§ DIRECTIONS
Retype exactly what runs from the first line of the data to the line with "INGCO Switch (DD00003469)", keeping both of those lines and skipping pictures.

---------- SOURCE DATA ----------

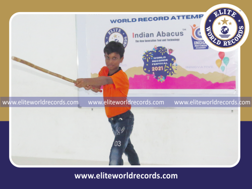 The Most Single Digit Mental Arithmetic Addition and Subtraction Problems (4 Rows) Solved in 3 Minutes while Performing Silambam Simultaneously by an Individual (Male) counted to 42 was set by M. Balakumaran, Student of Indian Abacus Private Limited, in Villivakkam, Chennai District, Tamil Nadu, India on August 12, 2021.
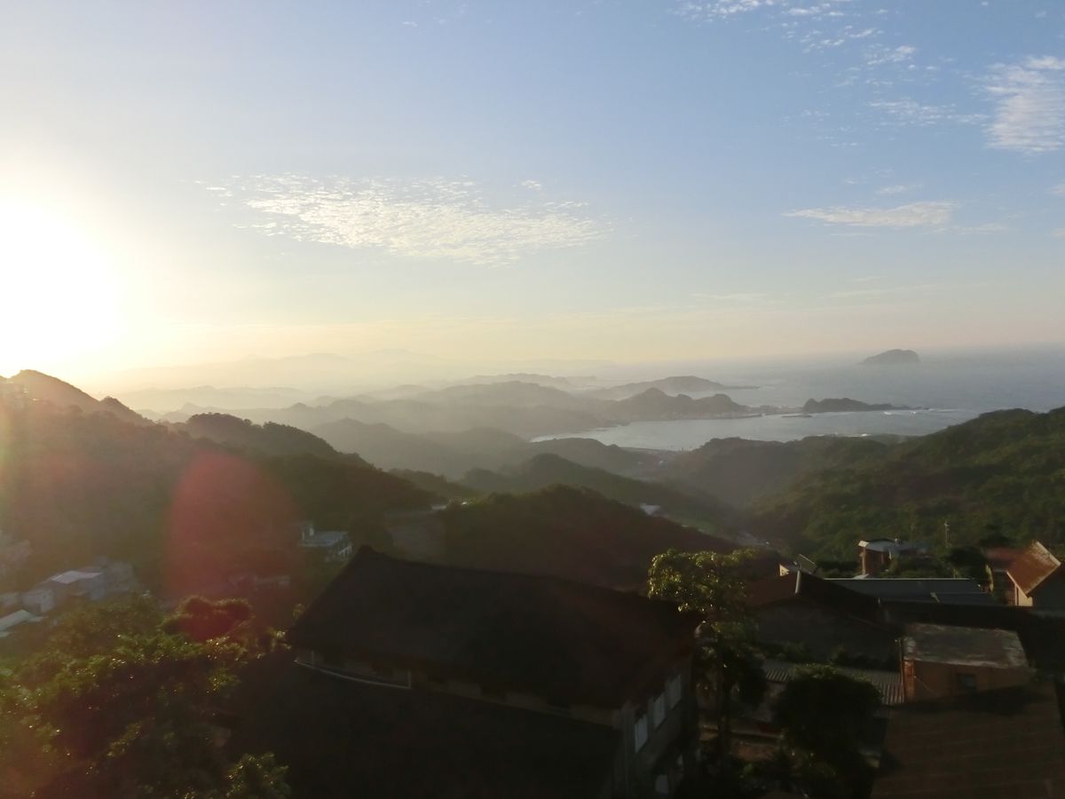 このツアーとは関係ありませんが、十分では、滝に虹を見ることができ、天燈は青空に吸い込まれていきました。雨が必ず降ると言われていた九份では、おかげさまで一滴の雨にも降られず、きれいな西日に照らされテラスで海を見ながらのお茶タイムができました。貸し切りタクシーのおかげで、台北旅行の良き思い出の一コマになりました。
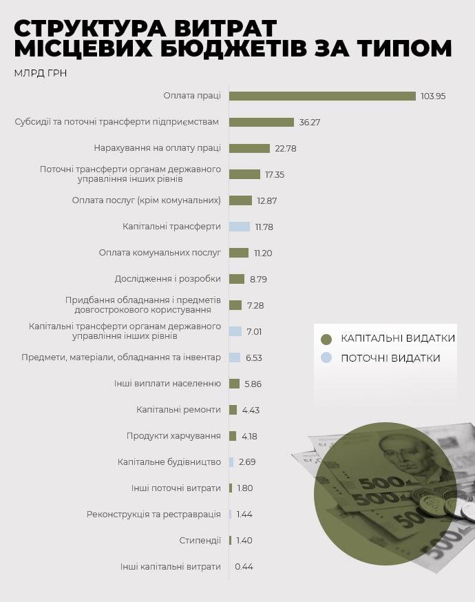 Для багатьох може стати несподіваною інформація про те, що капітальні видатки в місцевих бюджетах становлять менше 13%. Левова частка припадає на оплату праці, субсидії, поточні трансферти підприємствам та органам держуправління.
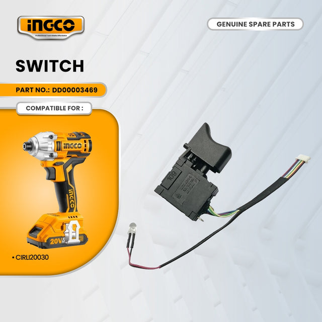 INGCO Switch (DD00003469) is a replacement part for the CIRLI20030 20V Cordless Impact Driver. This switch allows users to restore functionality
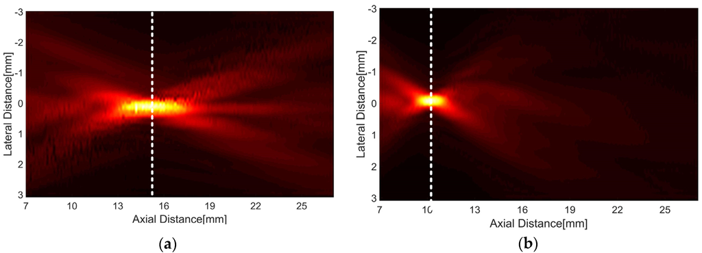 To investigate the focal length, the transmit ultrasound was measured using AIMS (Acoustic Intensity Measurement System, ONDA Corporation, Sunnyvale, CA, USA) equipped with a needle hydrophone (HGL-0200). The transducer was aligned by controlling a motorized two-rotational axis against the hydrophone, horizontally. For signal generation, a function generator (AFG3232C, Tektronix Inc., Beaverton, OR, USA) in burst mode (i.e., sine wave with 1 cycle and 5 Vp-p) was used. A focal length was determined when the amplitude of the ultrasound received by the hydrophone became the maximum value. As shown in Figure 10, the measured one-way radiation patterns demonstrated that the focal length of the double-focused transducer was shorter than that of the press-focused transducer. The double-focused transducer had the peak pressure at 10.2 mm and the press-focused transducer did at 15.2 mm. This means that the focal depth of the double-focused transducer is 3.5 mm when the transducer is in contact with the skin surface because the maximum thickness of a standoff made out of the lens material is 6.5 mm. Note that the proposed transducer does not require any additional acoustic media such as water. In addition, the double-focused transducer provided the −3 dB lateral beam width and DOF of 250 μm and 1.33 mm, respectively, whereas those were 325 μm and 3.2 mm in the case of the press-focused transducer. These results agree well with the theoretical values obtained from Field II simulation; the −3 dB lateral beam width and DOF were 224 μm and 1.4 mm when a concave transducer with an aperture of 10 mm in diameter and a focal length of 10 mm was simulated. Also, those were 336 μm and 3.2 mm in the case of a 15 mm focal length. Under the assumption where a focal volume is a rectangular parallelepiped and elevation beam width is equal to lateral beam width for a simple calculation, the −3, −6, −10, and −12 dB focal volumes were obtained to be 0.08, 0.26, 0.50, and 0.67 mm3, respectively; those of the press-focused transducer were 0.34, 1.03, 3.00, and 4.40 mm3. This implies that the double-focused transducer has the beneficial ability to induce coagulative necrosis in a small volume (e.g., 1 mm3) because cavitation occurring during HIFU treatment possibly results in lesion enlargement [13,23,24]. In Figure 10, the white dashed lines indicate the depth at which the maximum pressure occurred: 15.2 mm in the case of the press-focused transducer and 10.2 mm in the double-focused one. These experimental results suitably demonstrated that the proposed double-focusing technique is capable of building a focal point at the desired location without reducing aperture and, thus, achieving tighter focusing of ultrasound energy.
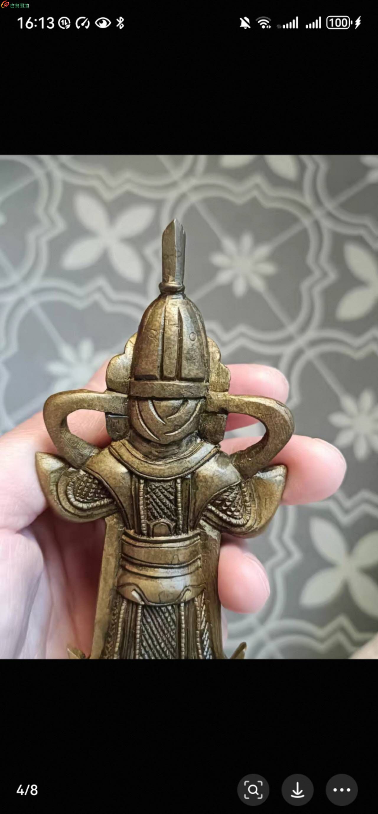 清代晚期韦陀铜造像,真品。
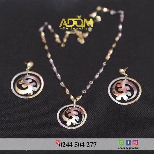 Custom Gye Nyame Gold Necklace with Earrings, 20g
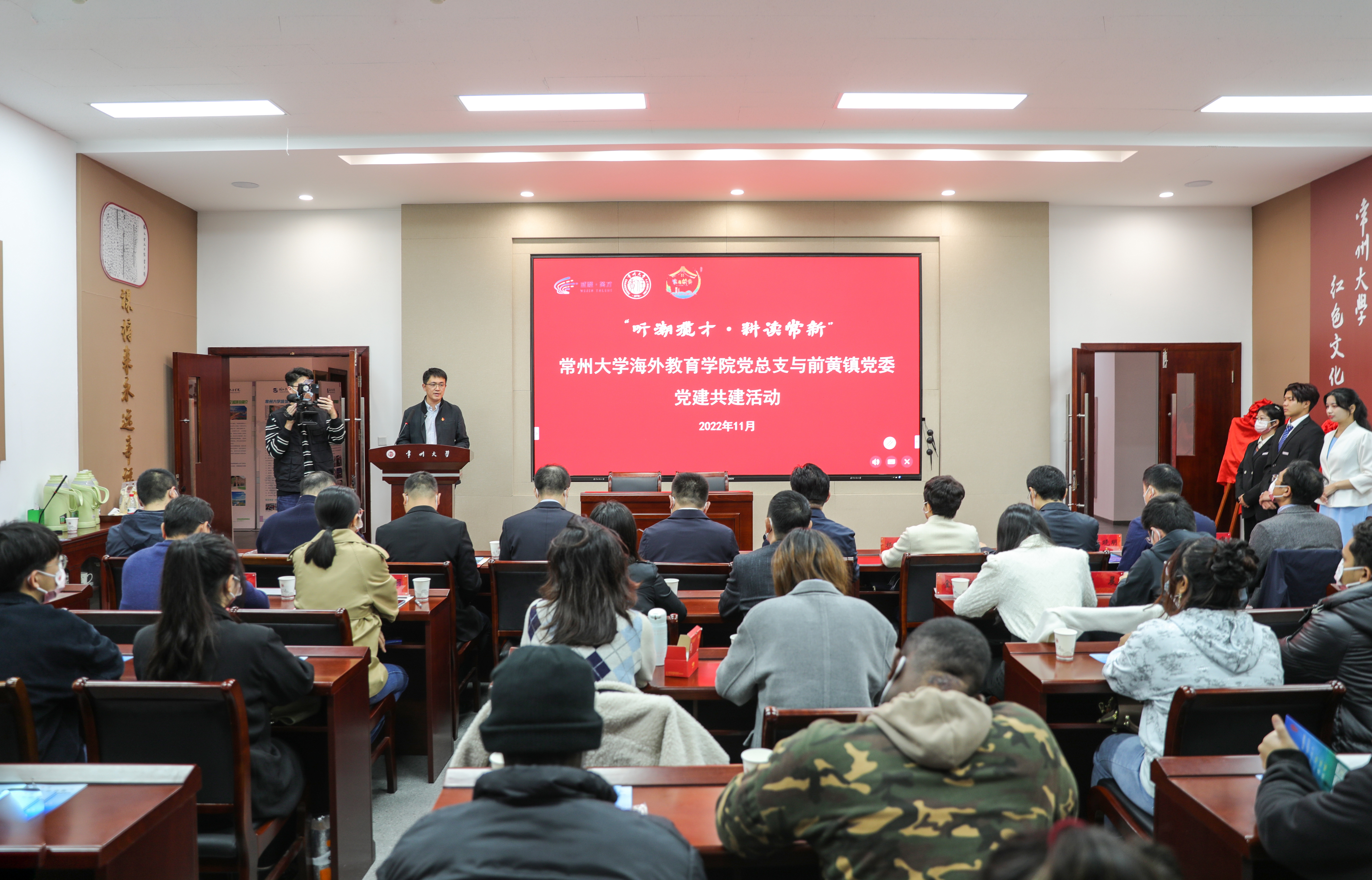 为深入学习贯彻党的二十大精神,持续加强党的基层组织建设,助力全面推进乡村振兴,11月22日下午,海外教育学院党总支与前黄镇党委在科教城校区文彰楼太雷讲堂共同开展“听潮揽才·耕读常新”党建共建活动。武进区委组织部副部长任捷,区委统战部副部长、侨办主任、侨联主席杨美英,前黄镇党委书记龚新宇,前黄镇党委副书记唐晓明,前黄镇副镇长张永相,常州大学党委副书记、副校长戴国洪,党委组织部、统战部、党委教师工作部、高层次人才办公室、海外教育学院相关负责人参加活动。
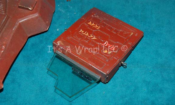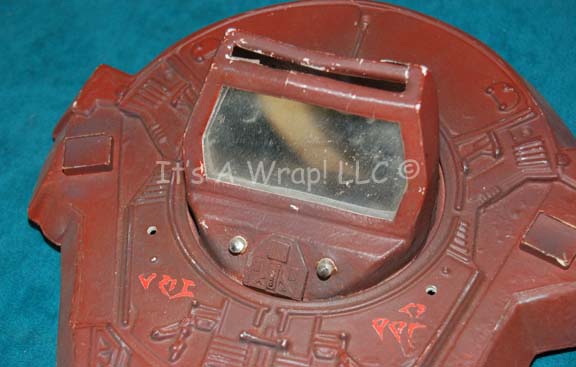 Description: A prop data card reader appearing in Star Trek VI: The Undiscovered Country during scenes taking place in “Chancellor Gorkon’s” (David Warner) chambers on “Qo’noS One”. The item is made from rust colored injection molded plastic with multiple raised details, Klingon iconographic decals, a raised mirrored ‘display screen’ with lights protruding underneath. The lights activate by way of a bottom mounted switch and are powered by a single 9volt battery to allow for sequentially flashing red lights. The top of the display screen features a slit to allow for the accompanying Klingon data card to be placed within. The data card is sturdy molded resin with a translucent acrylic slide positioned on the end. This item also features raised details and Klingon iconographic lettering as well as a pair of metal loops positioned on the sides, possibly for the attachment of a chain. The desktop monitor has seen some damage due to time and storage conditions. The top of the screen where the card slit enters is cracked thought intact, the electronics held internally are loose inside if they were ever adhered to the structure of the item. A series of no scratch pads are placed on the bottom of the item and dried pink colored Klingon special effects ‘blood’ remains from set production use. The items measures approx. 9 X 8.5 X 3 inches and 3.25 X 4.5 X 0.75 inches. Look for this rare item in the Star Trek VI DVD featurettes under the title “Penny’s Toy Box”.
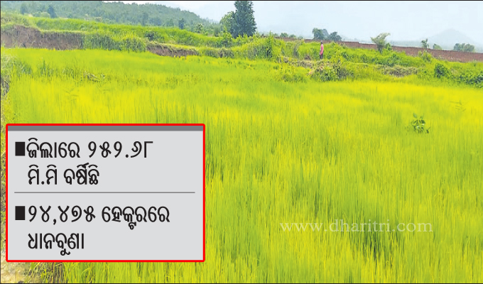 ଢେଙ୍କାନାଳ,୩ା୭(ରତନ ନାୟାର): ମୌସୁମୀ ବାୟୁ ପ୍ରବାହରେ ଢେଙ୍କାନାଳ ଜିଲାରେ ଜୁନ୍ରେ ଭଲ ବର୍ଷା ହୋଇଛି। ଚାଷ ପାଇଁ ପାଗ ଅନୁକୂଳ ଥିବାରୁ ଧାନ ବୁଣା ଜୋର୍ ଧରିଛି। ହାତୀ ଉପଦ୍ରବ ରୋକାଯାଇପାରିଲେ ଭଲ ଧାନ ଉତ୍ପାଦନ ହେବ ବୋଲି ଚାଷୀମାନେ...
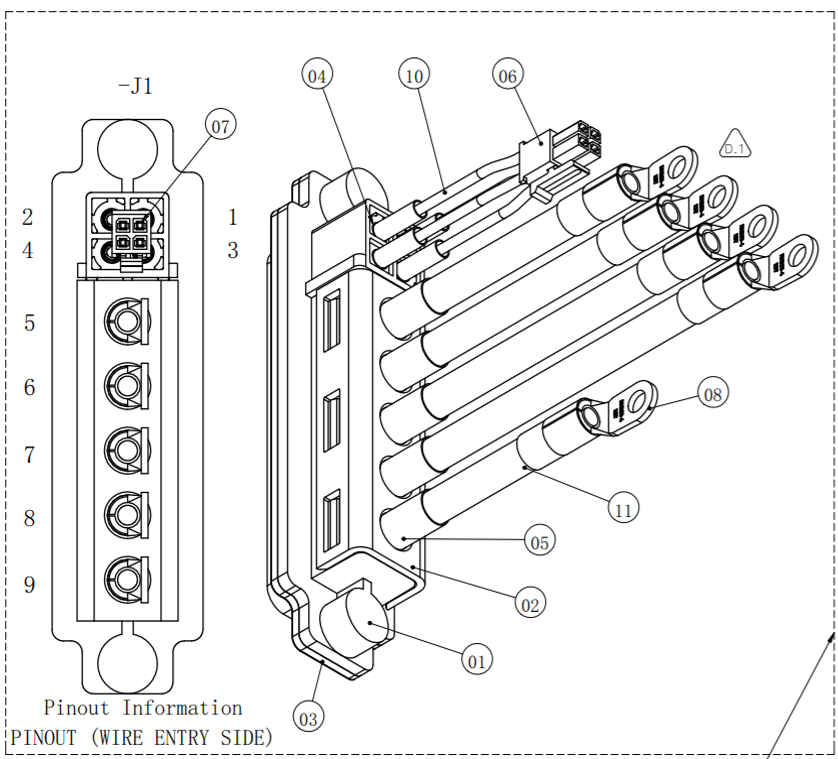 Left side output main connector

----------

§ SOLUTION TO THE PROBLEM
 The Most Single Digit Mental Arithmetic Addition and Subtraction Problems (4 Rows) Solved in 3 Minutes while Performing Silambam Simultaneously by an Individual (Male) counted to 42 was set by M. Balakumaran, Student of Indian Abacus Private Limited, in Villivakkam, Chennai District, Tamil Nadu, India on August 12, 2021.
 このツアーとは関係ありませんが、十分では、滝に虹を見ることができ、天燈は青空に吸い込まれていきました。雨が必ず降ると言われていた九份では、おかげさまで一滴の雨にも降られず、きれいな西日に照らされテラスで海を見ながらのお茶タイムができました。貸し切りタクシーのおかげで、台北旅行の良き思い出の一コマになりました。
 Для багатьох може стати несподіваною інформація про те, що капітальні видатки в місцевих бюджетах становлять менше 13%. Левова частка припадає на оплату праці, субсидії, поточні трансферти підприємствам та органам держуправління.
 INGCO Switch (DD00003469) is a replacement part for the CIRLI20030 20V Cordless Impact Driver. This switch allows users to restore functionality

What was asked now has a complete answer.